▸ YOUR ASSIGNMENT:
Each line of the data must be written out again verbatim; no image belongs in the copy.
----- DATA FOR THIS TASK -----
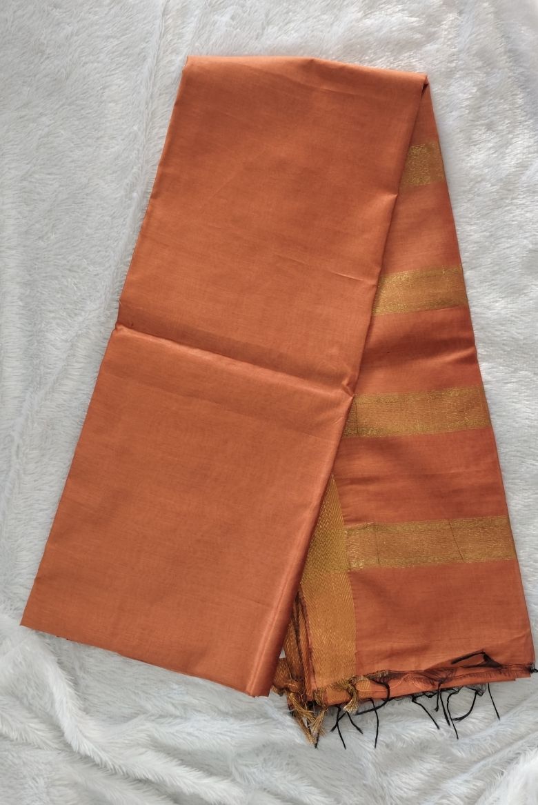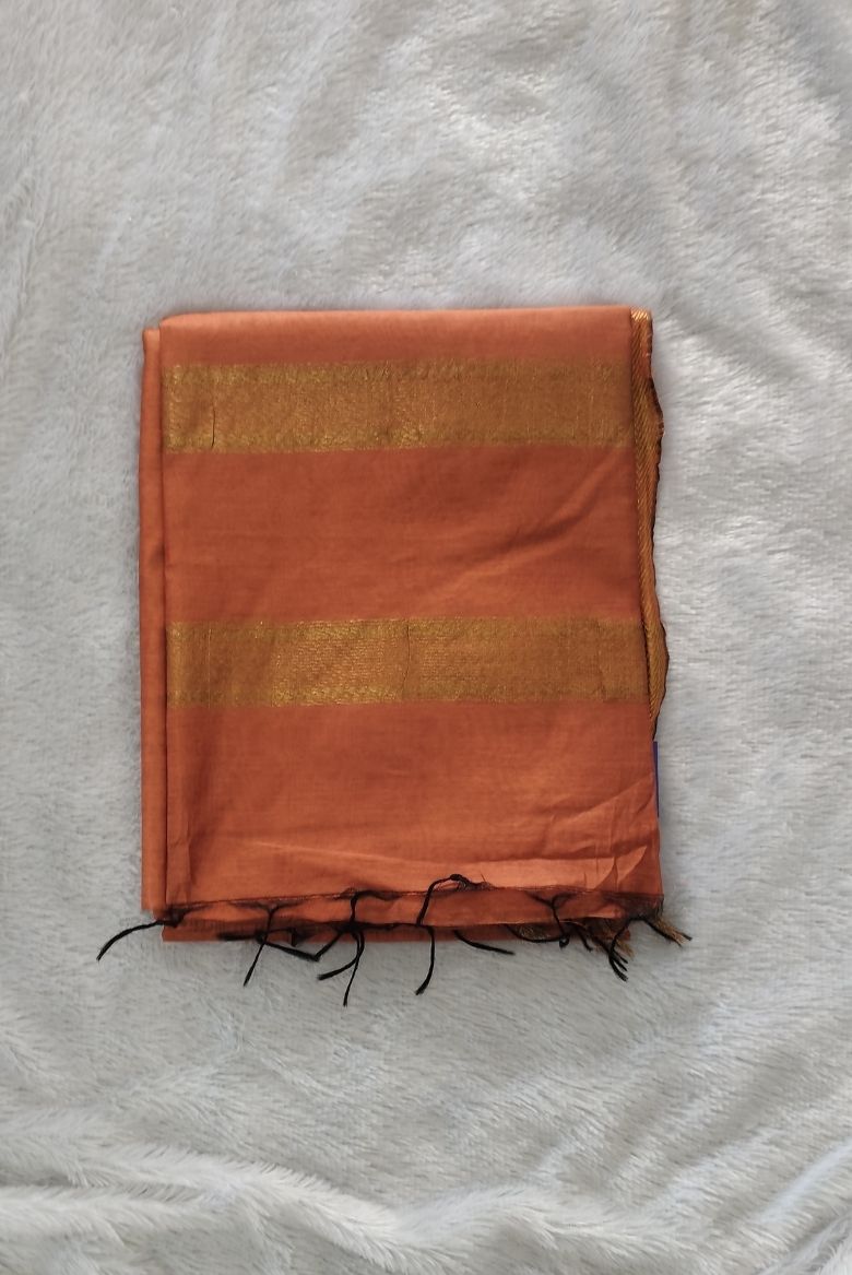 This saree features a Rust Orange body with a prominent wide golden zari border . The Pallu is highlighted with that same Golden zari stripe designs.
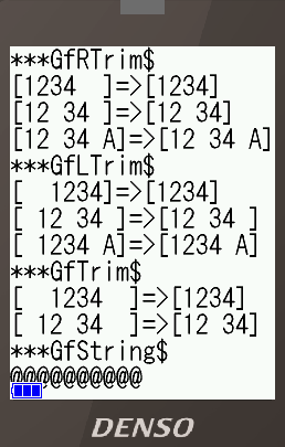 これらの関数の実行ソースは以下の様になります。Sub DispData(Byval strP1$, Byval strP2$) PRINT "[" + strP1$ + "]=>[" + strP2$ + "]" End Sub '----- '実行はここから処理 '----- Main ' PRIVATE Num$, nRet%, intLoop% SCREEN 1 '漢字モード LOCATE , , 2 'カーソルをブロック表示 PRINT "***GfRTrim$" PRIVATE W$, W2$ W$ = "1234 " W2$ = GfRTrim$(W$) CALL DispData(W$, W2$) W$ = "12 34 " W2$ = GfRTrim$(W$) CALL DispData(W$, W2$) W$ = "12 34 A" W2$ = GfRTrim$(W$) CALL DispData(W$, W2$) PRINT "***GfLTrim$" W$ = " 1234" W2$ = GfLTrim$(W$) CALL DispData(W$, W2$) W$ = " 12 34 " W2$ = GfLTrim$(W$) CALL DispData(W$, W2$) W$ = " 1234 A" W2$ = GfLTrim$(W$) CALL DispData(W$, W2$) PRINT "***GfTrim$" W$ = " 1234 " W2$ = GfTrim$(W$) CALL DispData(W$, W2$) W$ = " 12 34 " W2$ = GfTrim$(W$) CALL DispData(W$, W2$) PRINT "***GfString$" W$ = GfString$("@", 10) PRINT W$; WAIT 0, &h01 'キー入力待ち ENDこれを実行すると以下の様な表示になります。
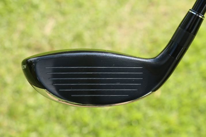 フェースも黒く見えるよう処理がされていて、かなり精悍な雰囲気を醸し出していますね。ヘッド形状はオーソドックスなウッドタイプで、フェース側のクラウンに段差を持たせているのが特徴です。フェースのトウ側の処理が開いて見えるような形になっており、上級者が嫌う左に飛ぶイメージを持たせない工夫がいいですね
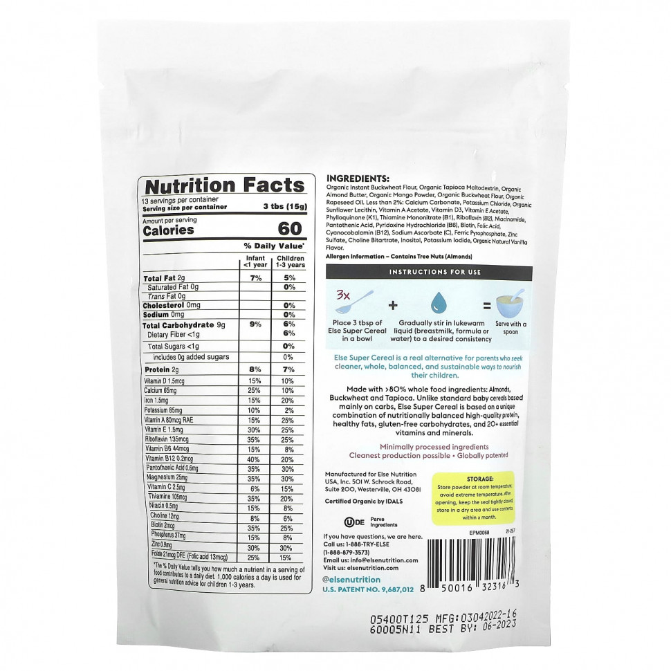 Сделано с >,80% цельных пищевых ингредиентов: Миндаль, гречка и тапиока. В отличие от стандартных детских хлопьев, в основе которых лежат углеводы, Else Super Cereal состоит из уникального сочетания питательно сбалансированного высококачественного белка, полезных жиров, безглютеновых углеводов и более 20 незаменимых витаминов и минералов.
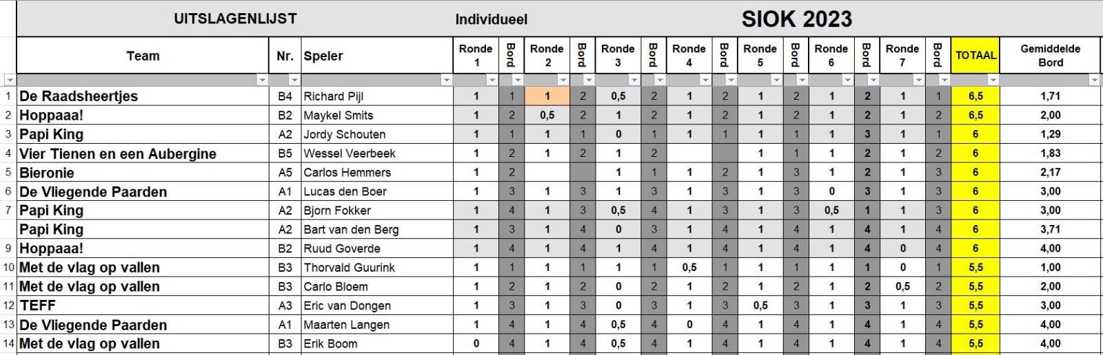 Ook de individuele scores werden bijgehouden en Richard Pijl van de Raadsheertjes uit Zundert en Maykel Smits van Hoppaaa! wisten met 6,5 uit 7 de eerste prijs in de wacht te slepen!
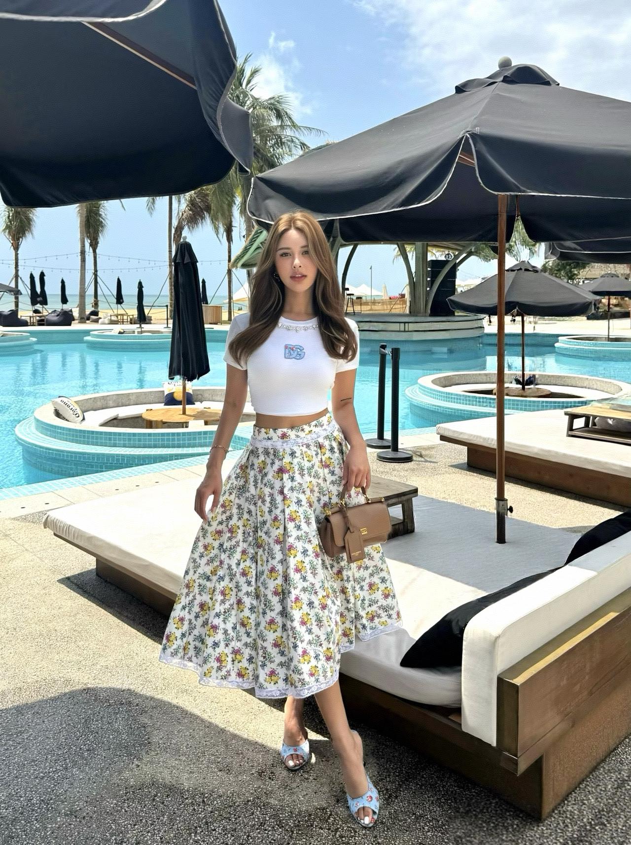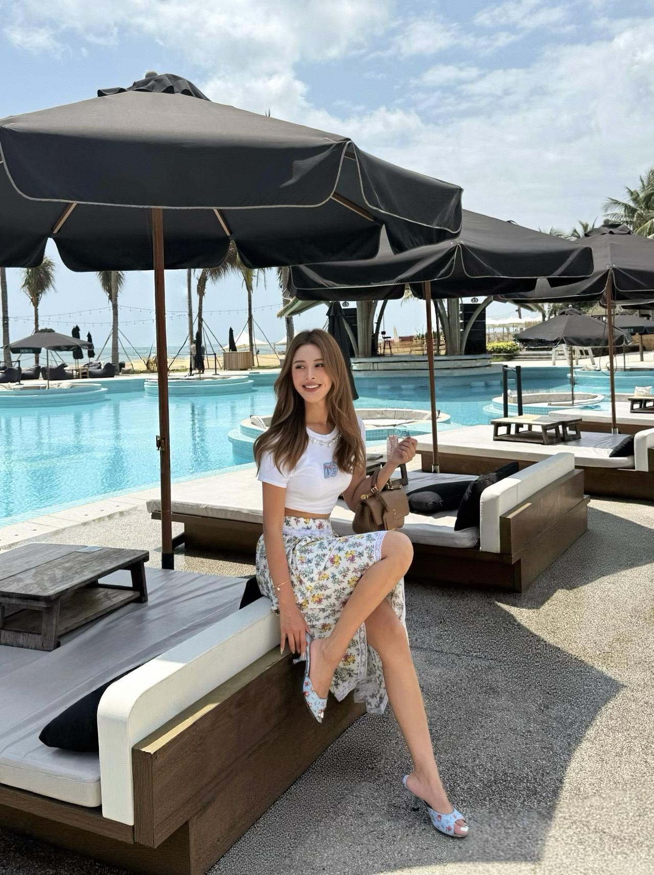 吴越这身打扮简单大方,气质到顶了。虽然也露肉了,然而看着很舒服,很自然。
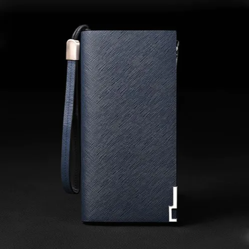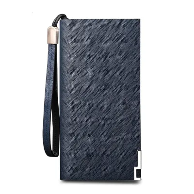 Color: This wallet features a distinctive blue cross pattern that adds a touch of modern flair.Brand: It is designed by William Polo, a brand known for blending style with functionality.Upper Material: Crafted from genuine leather, the wallet promises durability and a sophisticated look.Folding: The 3-fold design maximizes storage space while maintaining a compact structure.Pattern: With its solid color base and cross pattern overlay, it offers a unique yet refined aesthetic.Hardness: The wallet's soft texture ensures comfort and flexibility for daily use.Length: Measuring 19.0 cm in length, it provides ample space for larger items like bills and documents.Width: At 9.0 cm wide, it maintains a sleek profile without compromising on storage capacity.
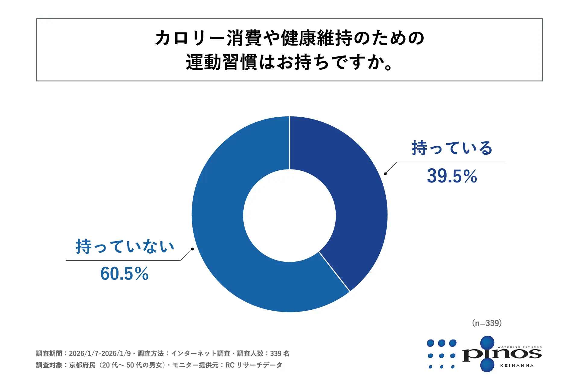 京都府民の約4割が、カロリー消費や健康維持のための運動習慣を持っている
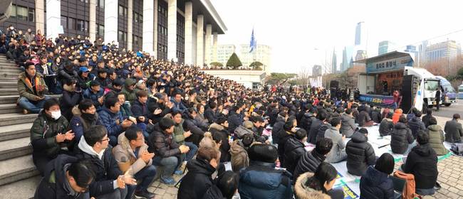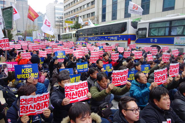 대설(大雪)을 지난 8일 오후 2시 서울 여의도 한국방송공사 본관 앞으로 KBS구성원들이 뛰쳐나왔다. 여느 때 같으면 한창 방송을 위해 뛰고 있을 시간, KBS노동조합과 언론노조 KBS본부 등 양대 노조 조합원 1500여명은 사무실을 박차고 나와 냉기가 올라오는 바닥에 자리 잡았다. 그리고 이 같이 외쳤다.
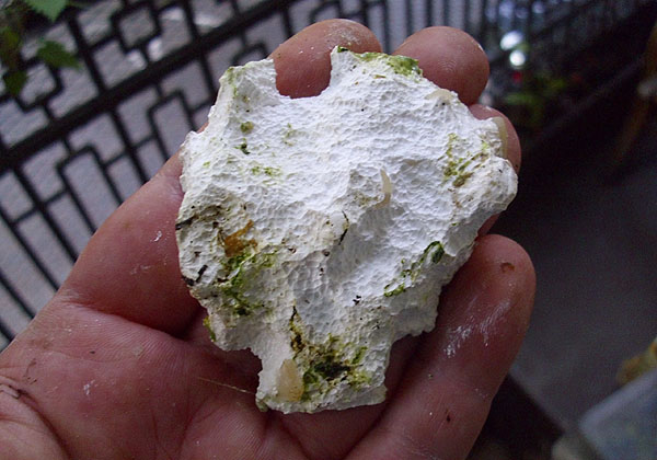 Bei Gartenkalk ist es ähnlich: zwar stehen da Inhaltsangaben von 85% oder mehr Calciumcarbonat, aber aus was besteht der Rest? Einige meiner Weinbergschnecken, die zuviel (?) Gartenkalk gefressen hatten, hatten Wachstumsstörungen, manche sind gestorben und zeigten eine gelbliche Verfärbung, die verdächtig an die Farbe des Gartenkalkpulvers erinnerte:
-----
▸ EXERCISE ANSWER:
 This saree features a Rust Orange body with a prominent wide golden zari border . The Pallu is highlighted with that same Golden zari stripe designs.
 これらの関数の実行ソースは以下の様になります。Sub DispData(Byval strP1$, Byval strP2$) PRINT "[" + strP1$ + "]=>[" + strP2$ + "]" End Sub '----- '実行はここから処理 '----- Main ' PRIVATE Num$, nRet%, intLoop% SCREEN 1 '漢字モード LOCATE , , 2 'カーソルをブロック表示 PRINT "***GfRTrim$" PRIVATE W$, W2$ W$ = "1234 " W2$ = GfRTrim$(W$) CALL DispData(W$, W2$) W$ = "12 34 " W2$ = GfRTrim$(W$) CALL DispData(W$, W2$) W$ = "12 34 A" W2$ = GfRTrim$(W$) CALL DispData(W$, W2$) PRINT "***GfLTrim$" W$ = " 1234" W2$ = GfLTrim$(W$) CALL DispData(W$, W2$) W$ = " 12 34 " W2$ = GfLTrim$(W$) CALL DispData(W$, W2$) W$ = " 1234 A" W2$ = GfLTrim$(W$) CALL DispData(W$, W2$) PRINT "***GfTrim$" W$ = " 1234 " W2$ = GfTrim$(W$) CALL DispData(W$, W2$) W$ = " 12 34 " W2$ = GfTrim$(W$) CALL DispData(W$, W2$) PRINT "***GfString$" W$ = GfString$("@", 10) PRINT W$; WAIT 0, &h01 'キー入力待ち ENDこれを実行すると以下の様な表示になります。
 フェースも黒く見えるよう処理がされていて、かなり精悍な雰囲気を醸し出していますね。ヘッド形状はオーソドックスなウッドタイプで、フェース側のクラウンに段差を持たせているのが特徴です。フェースのトウ側の処理が開いて見えるような形になっており、上級者が嫌う左に飛ぶイメージを持たせない工夫がいいですね
 Сделано с >,80% цельных пищевых ингредиентов: Миндаль, гречка и тапиока. В отличие от стандартных детских хлопьев, в основе которых лежат углеводы, Else Super Cereal состоит из уникального сочетания питательно сбалансированного высококачественного белка, полезных жиров, безглютеновых углеводов и более 20 незаменимых витаминов и минералов.
 Ook de individuele scores werden bijgehouden en Richard Pijl van de Raadsheertjes uit Zundert en Maykel Smits van Hoppaaa! wisten met 6,5 uit 7 de eerste prijs in de wacht te slepen!
 吴越这身打扮简单大方,气质到顶了。虽然也露肉了,然而看着很舒服,很自然。
 Color: This wallet features a distinctive blue cross pattern that adds a touch of modern flair.Brand: It is designed by William Polo, a brand known for blending style with functionality.Upper Material: Crafted from genuine leather, the wallet promises durability and a sophisticated look.Folding: The 3-fold design maximizes storage space while maintaining a compact structure.Pattern: With its solid color base and cross pattern overlay, it offers a unique yet refined aesthetic.Hardness: The wallet's soft texture ensures comfort and flexibility for daily use.Length: Measuring 19.0 cm in length, it provides ample space for larger items like bills and documents.Width: At 9.0 cm wide, it maintains a sleek profile without compromising on storage capacity.
 京都府民の約4割が、カロリー消費や健康維持のための運動習慣を持っている
 대설(大雪)을 지난 8일 오후 2시 서울 여의도 한국방송공사 본관 앞으로 KBS구성원들이 뛰쳐나왔다. 여느 때 같으면 한창 방송을 위해 뛰고 있을 시간, KBS노동조합과 언론노조 KBS본부 등 양대 노조 조합원 1500여명은 사무실을 박차고 나와 냉기가 올라오는 바닥에 자리 잡았다. 그리고 이 같이 외쳤다.
 Bei Gartenkalk ist es ähnlich: zwar stehen da Inhaltsangaben von 85% oder mehr Calciumcarbonat, aber aus was besteht der Rest? Einige meiner Weinbergschnecken, die zuviel (?) Gartenkalk gefressen hatten, hatten Wachstumsstörungen, manche sind gestorben und zeigten eine gelbliche Verfärbung, die verdächtig an die Farbe des Gartenkalkpulvers erinnerte:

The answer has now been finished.